§ PROBLEM DESCRIPTION:
This calls for a word-for-word copy of all the data, with each picture removed.

== DATA TO PROCESS ==

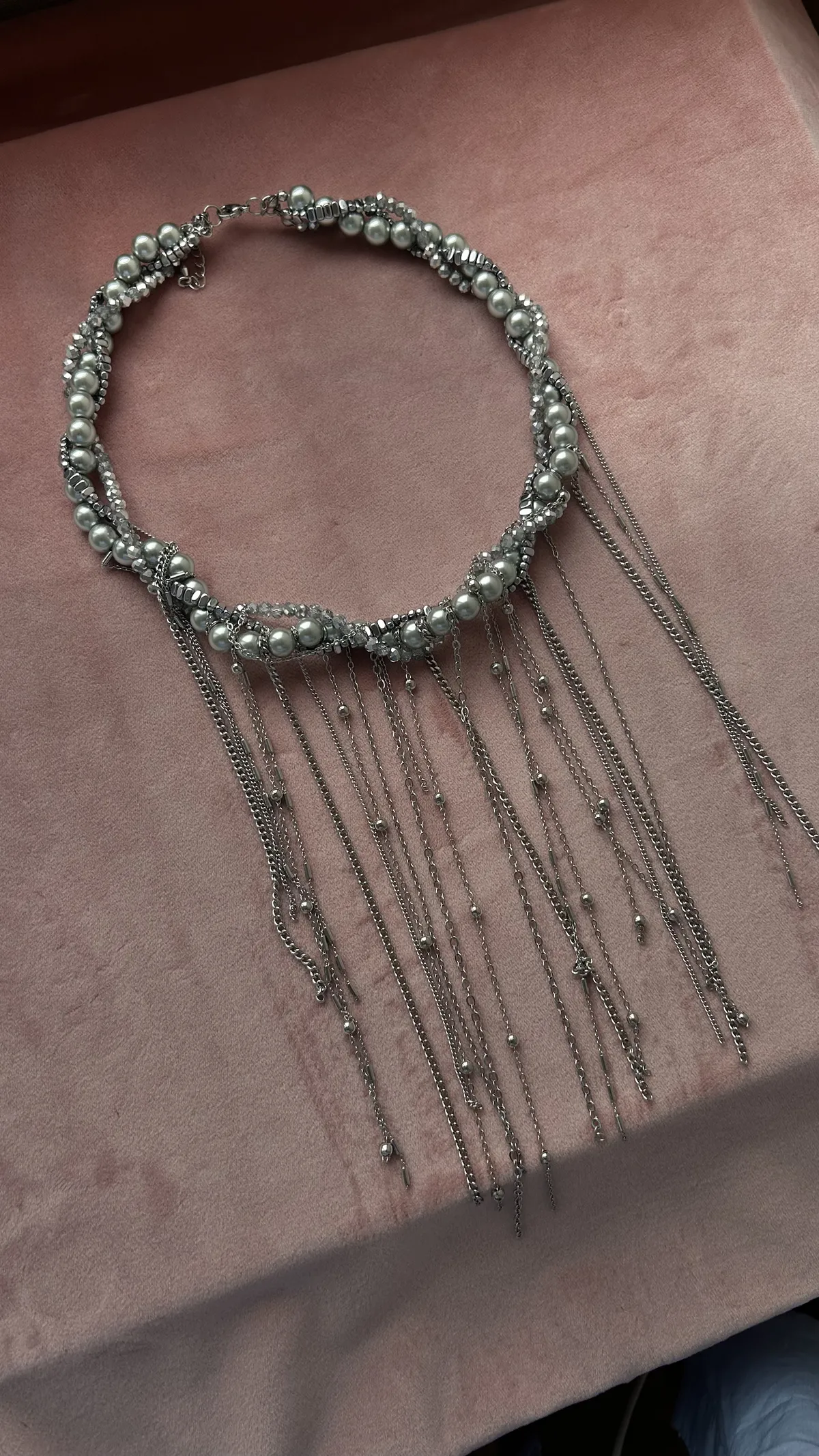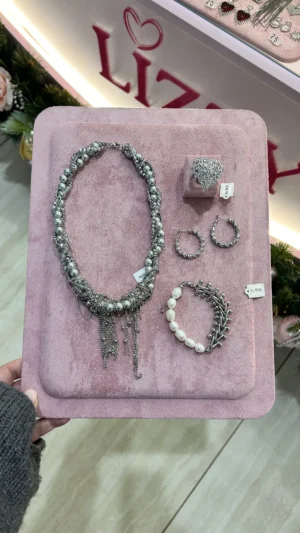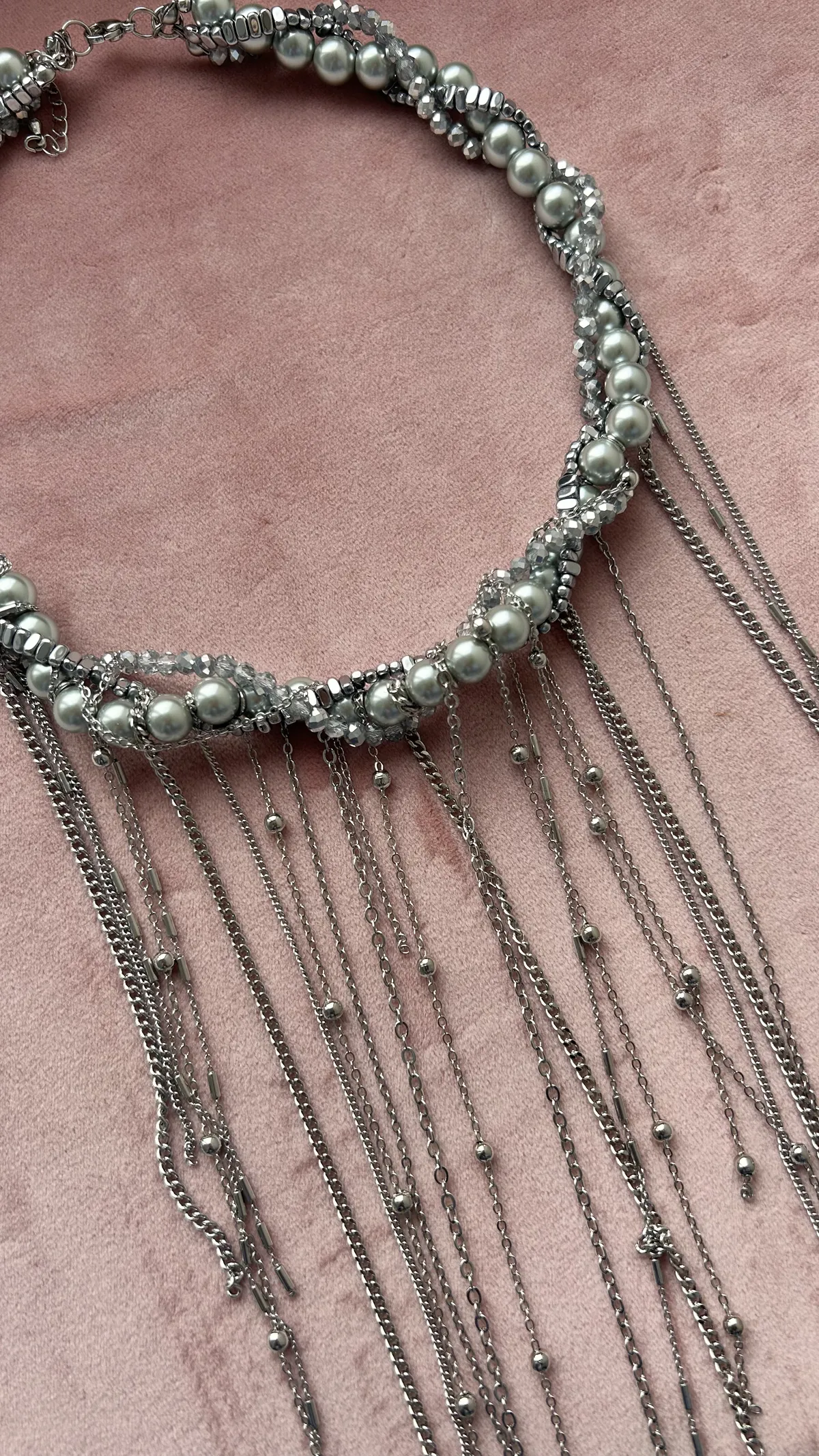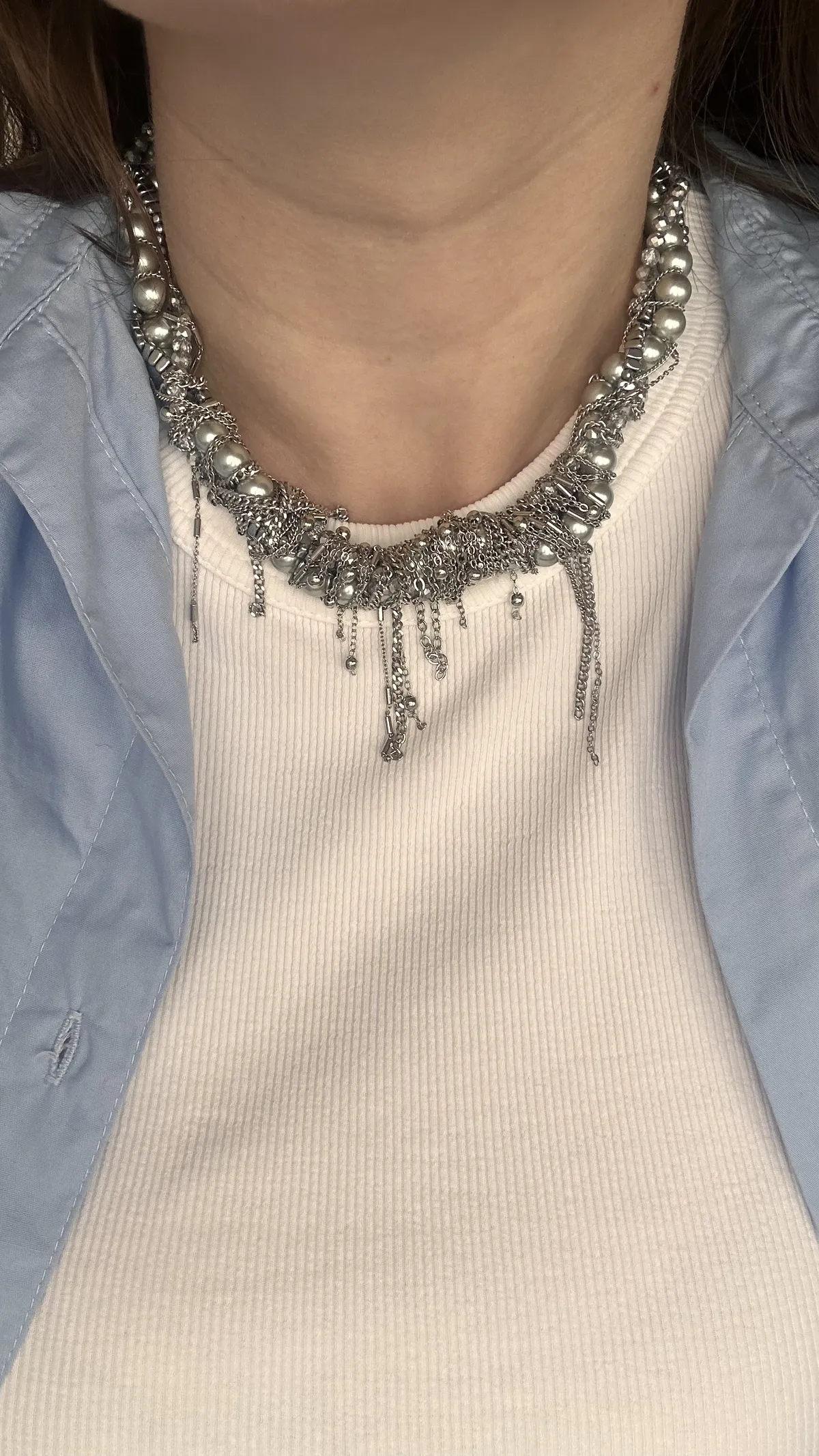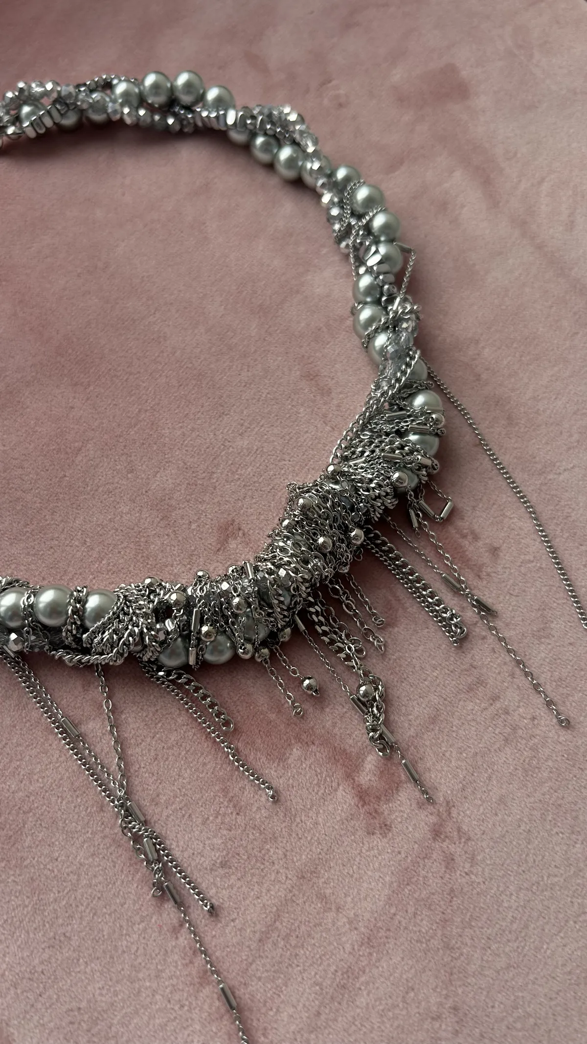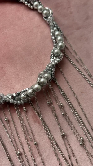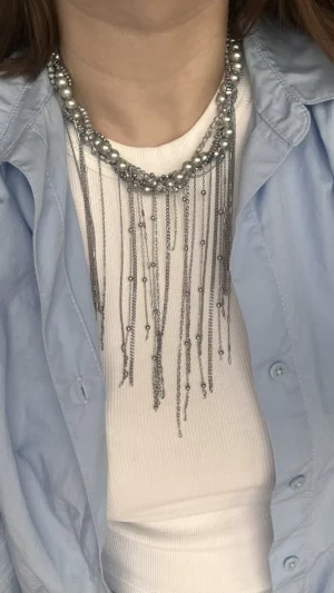 Стильное и эффектное колье, в котором гармонично сочетаются жемчуг Майорка, гематит и сияющий хрусталь. Особое внимание привлекают изящные цепи, которые можно заматывать по-разному, создавая уникальные образы под любое настроение и повод.
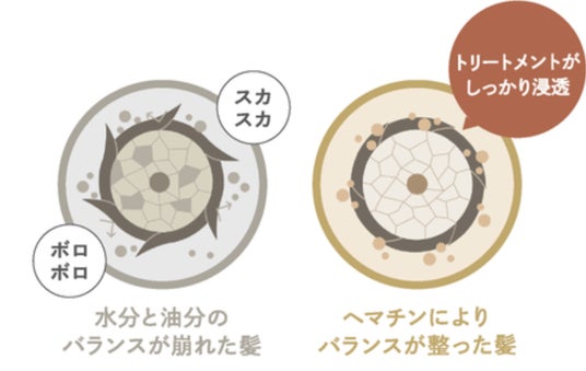 ヘマチン原液とケラチンがダメージにより水分を含みやすくなった髪の水分と油分のバランスを整えます。バランスが整った髪はトリートメントの浸透※力がアップし、髪によく浸透※することで、トリートメントの効果を最大限に引き出すことができます。
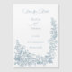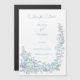 This romantic and classic design features a lush border of elegant line drawn roses, mixed flowers, lily-of-the valley, foliage and vines in a timeless dusty blue color. Also included are editable text fields and custom calligraphy text.
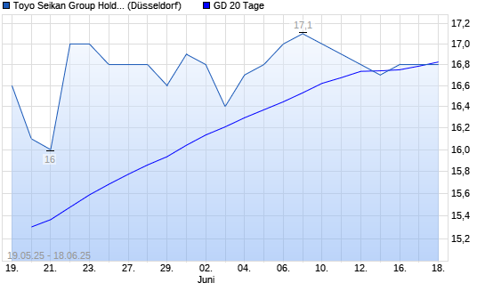 Mit dem Anstieg auf 17,00 EUR hat die Toyo Seikan Kaisha-Aktie am 17.06.2025 die 20-Tage-Linie nach oben gekreuzt.
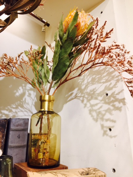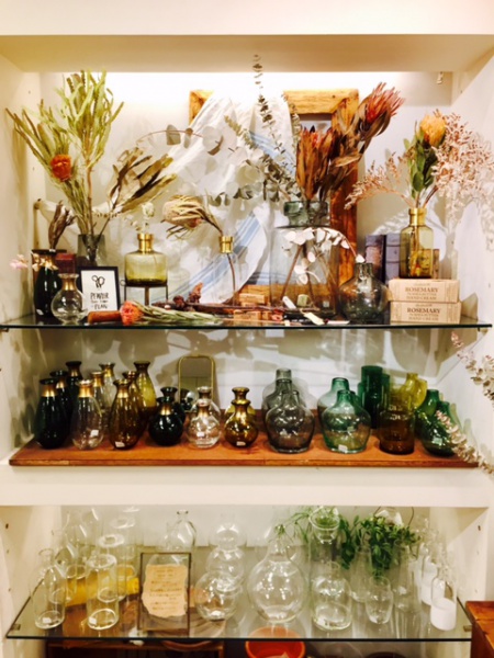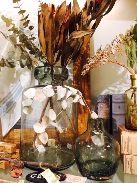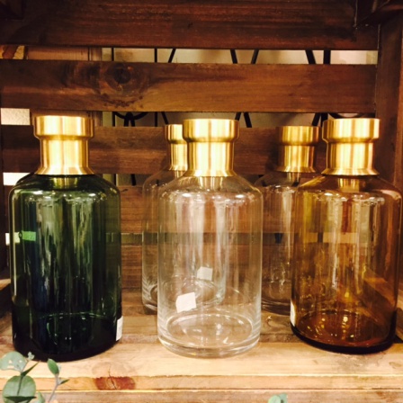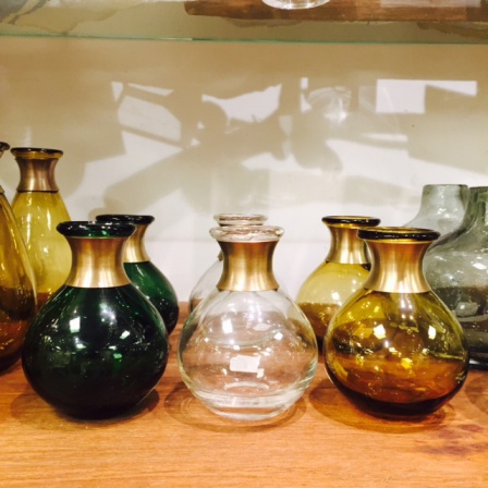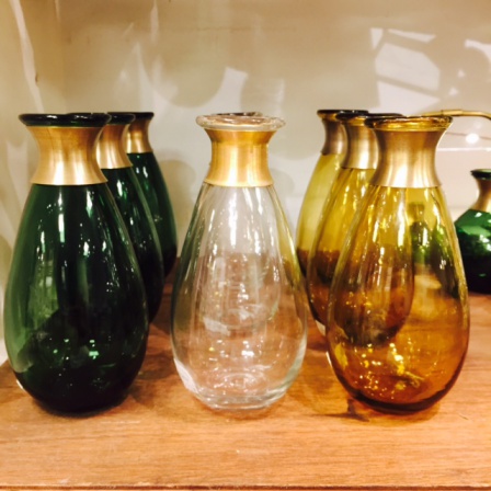地下フロアに入荷してきましたフラワーベース、ガラスに真鍮のアクセントがあり、色がついているものもあり、夏らしい、素敵です!
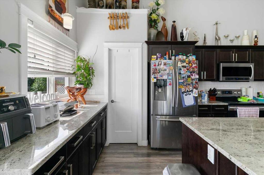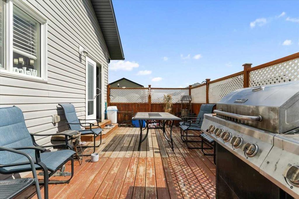 Nestled on a corner lot in the sought-after Signature Falls community, this custom-built modified bi-level (2016) offers functional family living with modern finishes and room to grow. A welcoming tiled foyer leads to the open-concept main floor where the kitchen, dining, and living areas flow together seamlessly. The kitchen showcases granite countertops, espresso cabinetry, and a large island, with patio doors extending the space onto a large deck. The living room, anchored by a gas fireplace, is perfect...
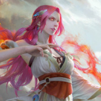 The image features a female character with pink hair, dressed in what appears to be fantasy-style armor. She is holding out flaming torches or sparks that seem to emanate from her hand. The background has dramatic clouds and a dynamic feel, suggesting she might be a powerful figure in a fantasy setting.
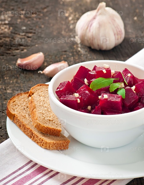 Салат из свеклы с чесноком в белой миске
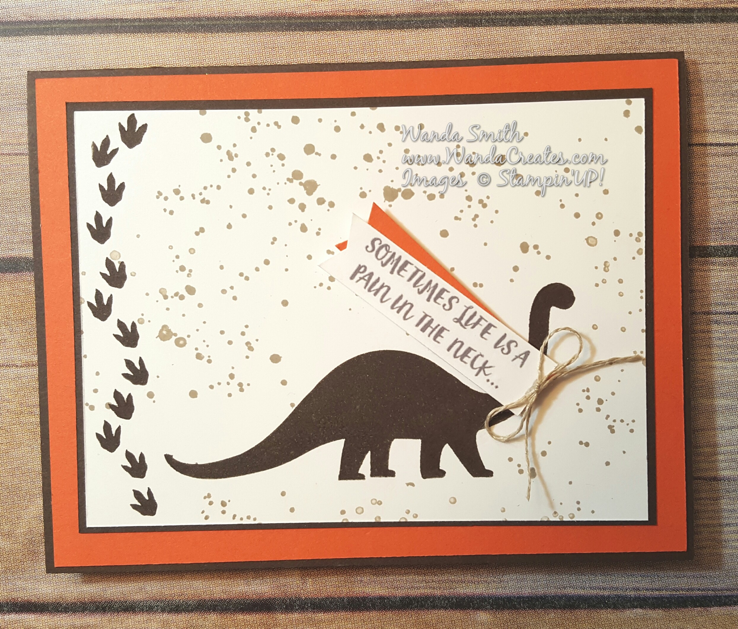 For my monthly mall class I challenged myself to create a dinosaur card that wasn’t geared towards kids . It was a bit of a challenge until I paired the ‘No Bones About It‘ stamp set with the ‘Here for You‘ stamp set. I think it worked!

===

§ RESULT FOR THIS EXERCISE:
 Стильное и эффектное колье, в котором гармонично сочетаются жемчуг Майорка, гематит и сияющий хрусталь. Особое внимание привлекают изящные цепи, которые можно заматывать по-разному, создавая уникальные образы под любое настроение и повод.
 ヘマチン原液とケラチンがダメージにより水分を含みやすくなった髪の水分と油分のバランスを整えます。バランスが整った髪はトリートメントの浸透※力がアップし、髪によく浸透※することで、トリートメントの効果を最大限に引き出すことができます。
 This romantic and classic design features a lush border of elegant line drawn roses, mixed flowers, lily-of-the valley, foliage and vines in a timeless dusty blue color. Also included are editable text fields and custom calligraphy text.
 Mit dem Anstieg auf 17,00 EUR hat die Toyo Seikan Kaisha-Aktie am 17.06.2025 die 20-Tage-Linie nach oben gekreuzt.
地下フロアに入荷してきましたフラワーベース、ガラスに真鍮のアクセントがあり、色がついているものもあり、夏らしい、素敵です!
 Nestled on a corner lot in the sought-after Signature Falls community, this custom-built modified bi-level (2016) offers functional family living with modern finishes and room to grow. A welcoming tiled foyer leads to the open-concept main floor where the kitchen, dining, and living areas flow together seamlessly. The kitchen showcases granite countertops, espresso cabinetry, and a large island, with patio doors extending the space onto a large deck. The living room, anchored by a gas fireplace, is perfect...
 The image features a female character with pink hair, dressed in what appears to be fantasy-style armor. She is holding out flaming torches or sparks that seem to emanate from her hand. The background has dramatic clouds and a dynamic feel, suggesting she might be a powerful figure in a fantasy setting.
 Салат из свеклы с чесноком в белой миске
 For my monthly mall class I challenged myself to create a dinosaur card that wasn’t geared towards kids . It was a bit of a challenge until I paired the ‘No Bones About It‘ stamp set with the ‘Here for You‘ stamp set. I think it worked!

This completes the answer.